EuGH: Minderung der Steuerbemessungsgrundlage bei Preisnachlass durch Pharmaunternehmen


Nach Ansicht des Europäischen Gerichtshofs ist ein pharmazeutisches Unternehmen, das an den staatlichen Krankenversicherungsträger Zahlungen aus den Einnahmen leistet, die es mit Arzneimitteln erzielt und somit nicht das ganze Entgelt erhalten hat, zur Minderung seiner umsatzsteuerlichen Bemessungsgrundlage berechtigt. In dem ungarischen Fall nahmen die Europarichter auch zur Notwendigkeit des Vorliegens einer ordnungsgemäßen Rechnung Stellung.

Hintergrund

In Ungarn erfolgt der Vertrieb von Arzneimitteln im Einzelhandel mit Ausnahme der Krankenhäuser über Apotheken. Die Apotheken versorgen sich bei Großhändlern, und die Großhändler versorgen sich bei Arzneimittelvertriebsunternehmen wie Boehringer Ingelheim.

Die Arzneimittel können vom staatlichen Krankenversicherungsträger (NEAK) bezuschusst werden, der dann ein sogenanntes Preiszuschusssystem anwendet. Nach diesem System gewährt der NEAK im Rahmen ambulanter Behandlungen einen Kaufpreiszuschuss für rezeptpflichtige Arzneimittel, der von der Sozialversicherung übernommen wird.
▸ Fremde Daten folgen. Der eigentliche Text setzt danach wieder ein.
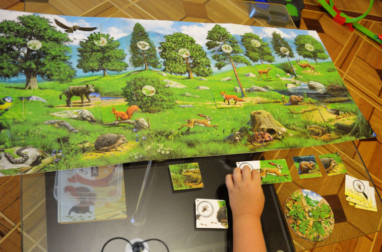 Там нужно определить всех животных по их следам и все деревья по их семенам.

Die Zahlung des Preises für das bezuschusste Arzneimittel wird anschließend zwischen dem NEAK und dem Patienten aufgeteilt. Der NEAK vergütet der Apotheke nachträglich den in Rede stehenden Zuschussbetrag. Der Arzneimittelpreis, den die Apotheken erhalten und der die Bemessungsgrundlage für die Umsatzsteuer ist, hat somit zwei Komponenten, nämlich den Zuschuss des NEAK und die vom Patienten gezahlte „Erstattungsgebühr“.

Damit die von ihr auf dem ungarischen Markt vertriebenen Arzneimittel bezuschusst bleiben, schloss Boehringer Ingelheim mit dem NEAK für den Zeitraum vom 1. Oktober 2013 bis 31. Dezember 2017 „Zuschussvolumenverträge“. Auf der Grundlage dieser Verträge verpflichtete sich Boehringer Ingelheim, an den NEAK für die Menge der von ihr vertriebenen Arzneimittel Zahlungen in Höhe des in den Verträgen festgelegten Betrags zu leisten, die vom Umsatz aus dem Verkauf dieser Arzneimittel abgezogen wurden.
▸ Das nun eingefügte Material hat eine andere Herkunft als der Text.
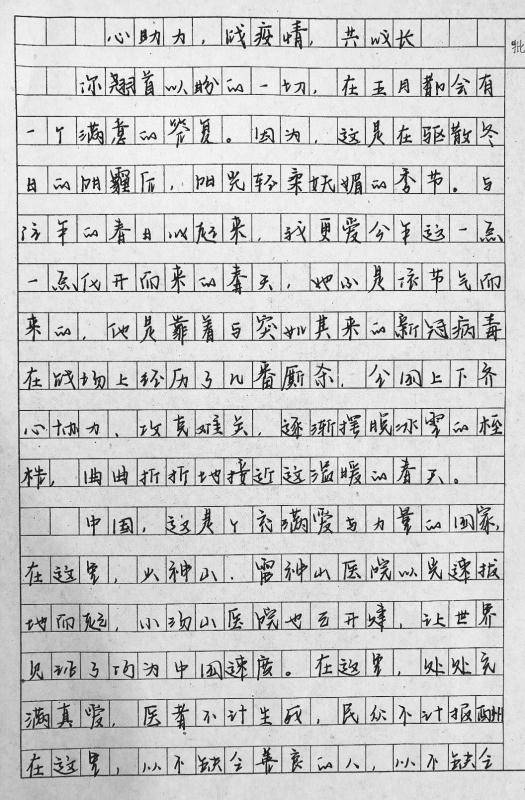 公司广泛宣传、积极鼓励全院同学积极参加公司举办的“老员工原创心理征文活动”。同学们在征文中表达了对医护工作者的崇高敬意,表达了对生命健康的珍视,表达了对党和政府高度信任,同时也表达了对公司和老师的感谢和思念之情。

Über die Zahlungen von Boehringer Ingelheim wurde seitens der NEAK keine Rechnung ausgestellt. Boehringer Ingelheim ist der Auffassung, dass der von ihr an den NEAK gezahlte Betrag, der von ihrem Umsatz abgezogen werde, gemäß Art. 90 Abs. 1 der Mehrwertsteuerrichtlinie zu einer Verminderung der Bemessungsgrundlage für die Umsatzsteuer führe, so dass sie Anspruch auf Erstattung der Umsatzsteuer habe.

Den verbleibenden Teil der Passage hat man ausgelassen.